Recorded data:

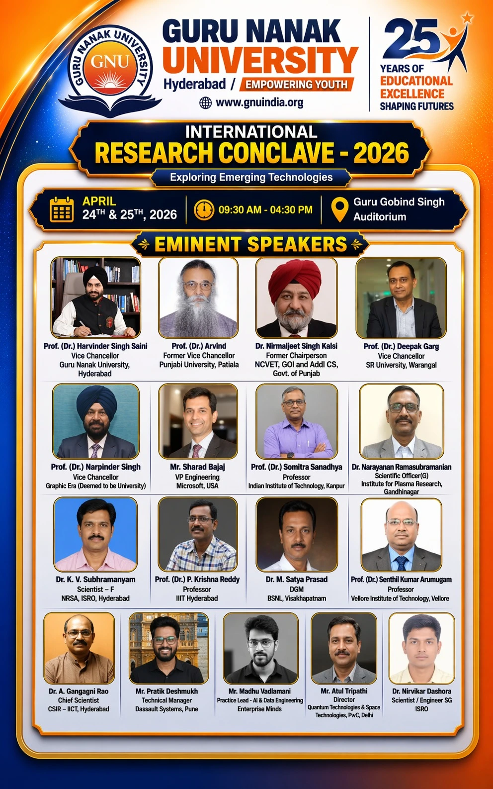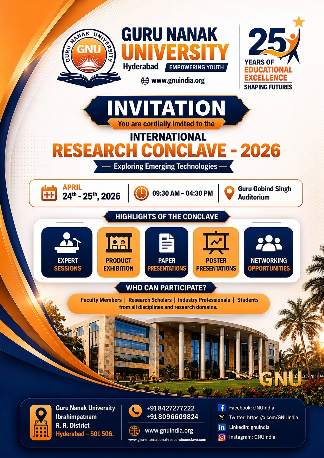 Guru Nanak University, Hyderabad, inaugurated its two-day International Research Conclave 2026 - IRC 2026 on April 24, 2026, at the Guru Gobind Singh Auditorium. Themed “Exploring Emerging Technologies,” the conclave brings together eminent academicians, industry leaders, policymakers, and researchers from across the globe to deliberate on cutting-edge advancements and collaborative innovation.
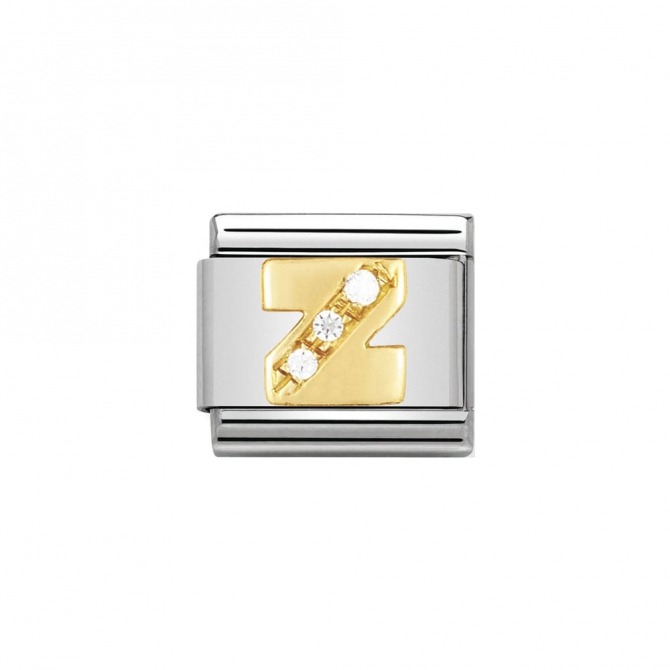 Original Charm for Classic Bracelet in stainless steel with Alphabet symbols. Details in bonded yellow gold and Cubic Zirconia. Made in Italy. Personalise your bracelet with your initials.
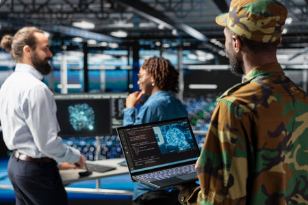 Army technicians in command center server farm using artificial intelligence to detect cyber threats. Military data center IT experts use AI detection software to secure defense systems.
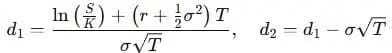 d1 = (np.log(S / K) + (r + 0.5 * sigma**2) * T) / (sigma * np.sqrt(T))
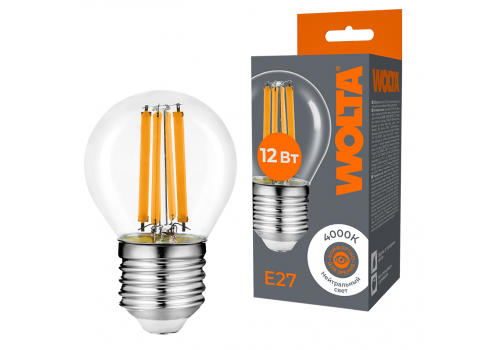Лампа светодиодная филаментная WOLTA 12Вт 4000K Е27 шар прозрачный WF-G45-12W4KE27
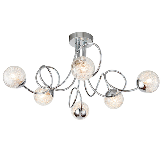 A modern style ceiling light with flowing loop arms, finished in chrome, each clear glass shade is filled with thin wire and threaded with glass beads to create a striking light pattern. FEATURES : Material : Steel, Glass, Wire Finish : Chrome, Clear 6 x 3W LED G9 (bulb not included) Chrome plate with clear glass & chrome wire Constructed from steel & glass & aluminium Dimmable Available at an affordable price Images shown are for illustration purpose only DIMENSIONS : Projection : 300mm Diameter : 710mm
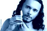 Man with curly hair grooming his beard carefully using a straight razor against a plain white background
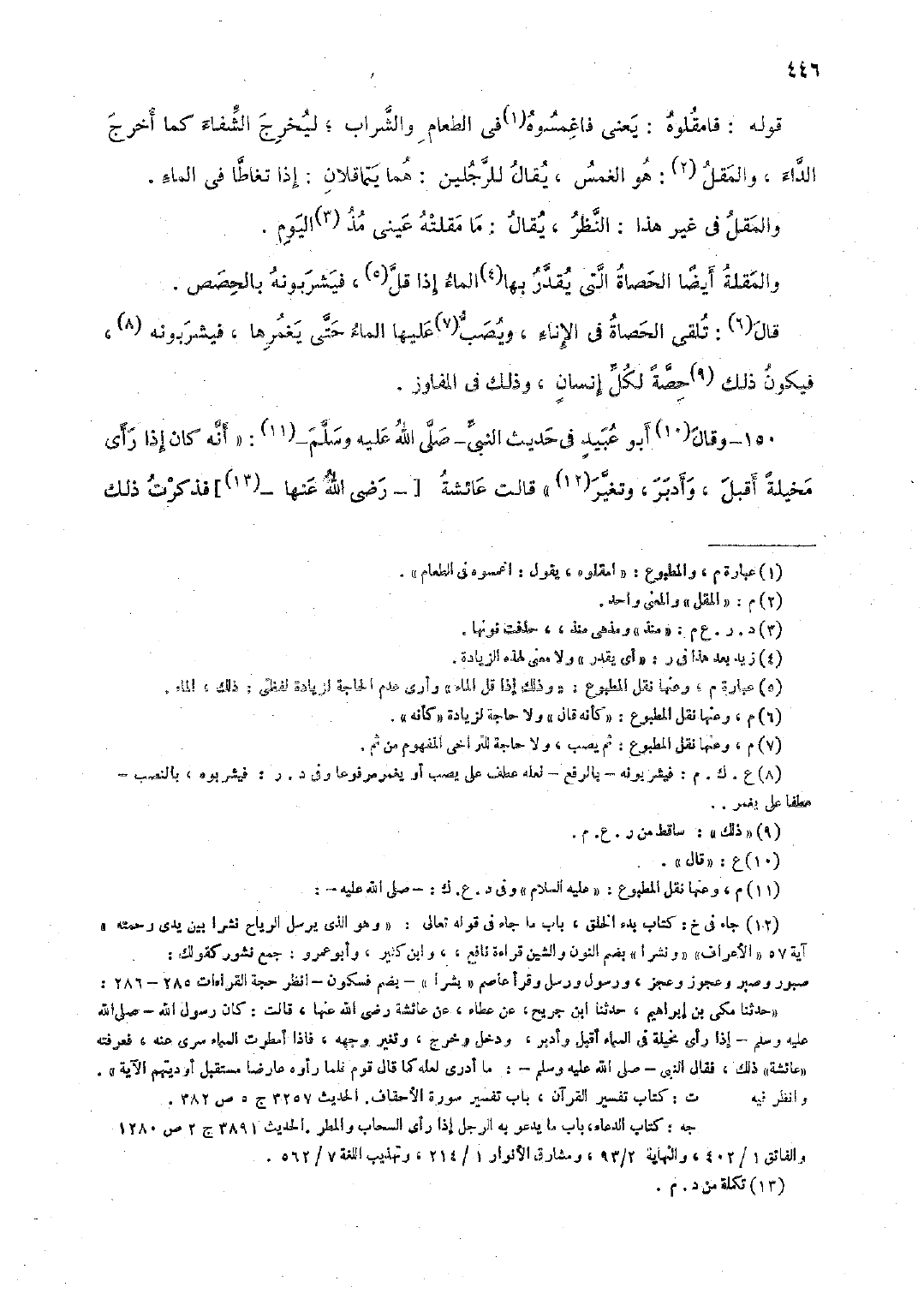قال: تلقى الحصاة في الإناء، ويصبُّ عليها الماء حتىَّ يغمرها، فيشربونه، فيكون ذلك حصَّة لكلِّ إنسان، وذلك في المفاوز.
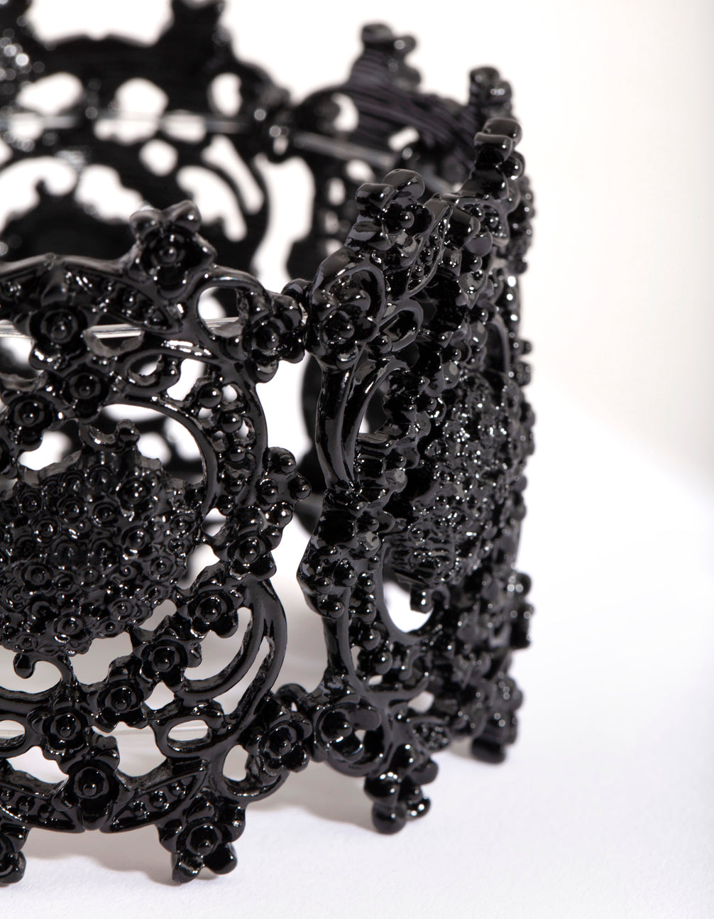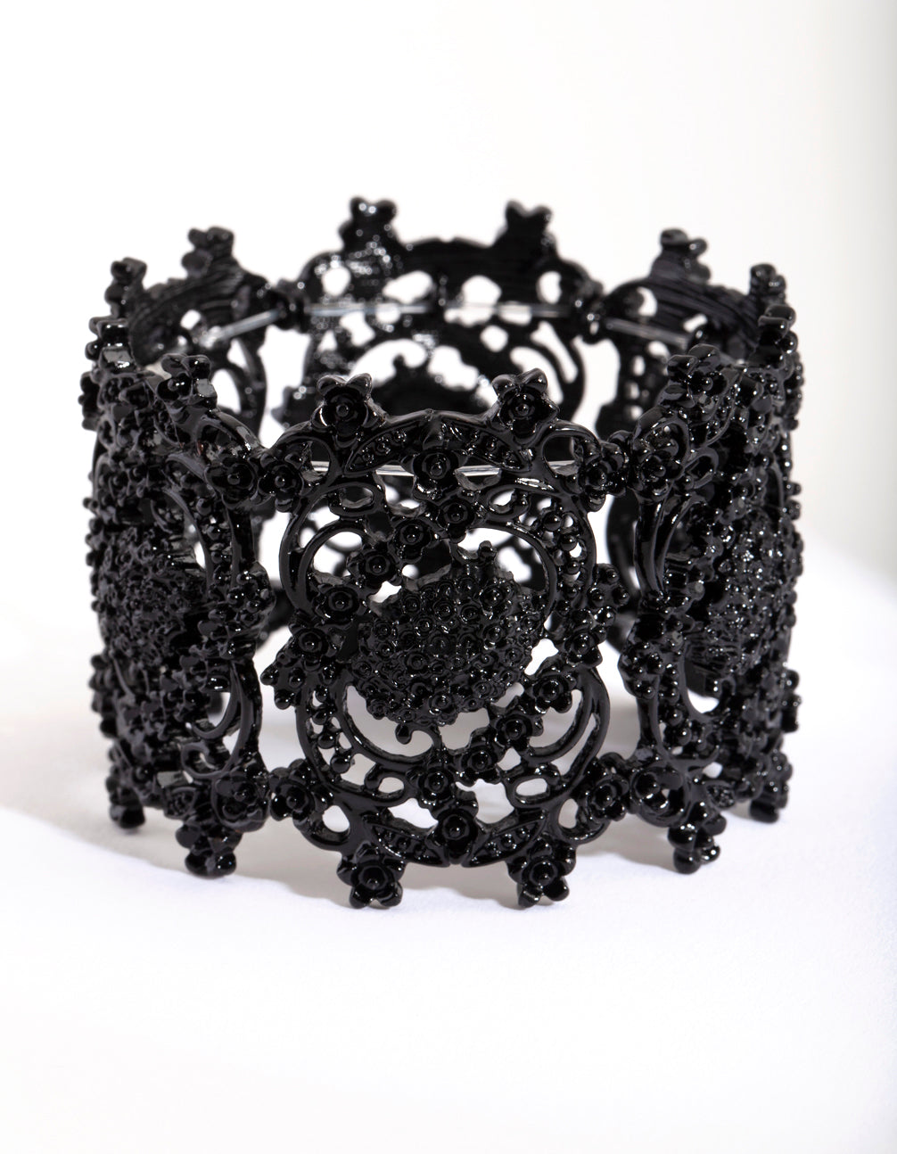 A classic glimmering bracelet is essential to any wardrobe. This black coated metal bracelet features a crater design and is a stretch fit.

> Exercise prompt: Print the data above from its first line through the line that has "قال: تلقى الحصاة", exactly and with nothing else, omitting pictures.

> Exercise response:
 Guru Nanak University, Hyderabad, inaugurated its two-day International Research Conclave 2026 - IRC 2026 on April 24, 2026, at the Guru Gobind Singh Auditorium. Themed “Exploring Emerging Technologies,” the conclave brings together eminent academicians, industry leaders, policymakers, and researchers from across the globe to deliberate on cutting-edge advancements and collaborative innovation.
 Original Charm for Classic Bracelet in stainless steel with Alphabet symbols. Details in bonded yellow gold and Cubic Zirconia. Made in Italy. Personalise your bracelet with your initials.
 Army technicians in command center server farm using artificial intelligence to detect cyber threats. Military data center IT experts use AI detection software to secure defense systems.
 d1 = (np.log(S / K) + (r + 0.5 * sigma**2) * T) / (sigma * np.sqrt(T))
Лампа светодиодная филаментная WOLTA 12Вт 4000K Е27 шар прозрачный WF-G45-12W4KE27
 A modern style ceiling light with flowing loop arms, finished in chrome, each clear glass shade is filled with thin wire and threaded with glass beads to create a striking light pattern. FEATURES : Material : Steel, Glass, Wire Finish : Chrome, Clear 6 x 3W LED G9 (bulb not included) Chrome plate with clear glass & chrome wire Constructed from steel & glass & aluminium Dimmable Available at an affordable price Images shown are for illustration purpose only DIMENSIONS : Projection : 300mm Diameter : 710mm
 Man with curly hair grooming his beard carefully using a straight razor against a plain white background
قال: تلقى الحصاة في الإناء، ويصبُّ عليها الماء حتىَّ يغمرها، فيشربونه، فيكون ذلك حصَّة لكلِّ إنسان، وذلك في المفاوز.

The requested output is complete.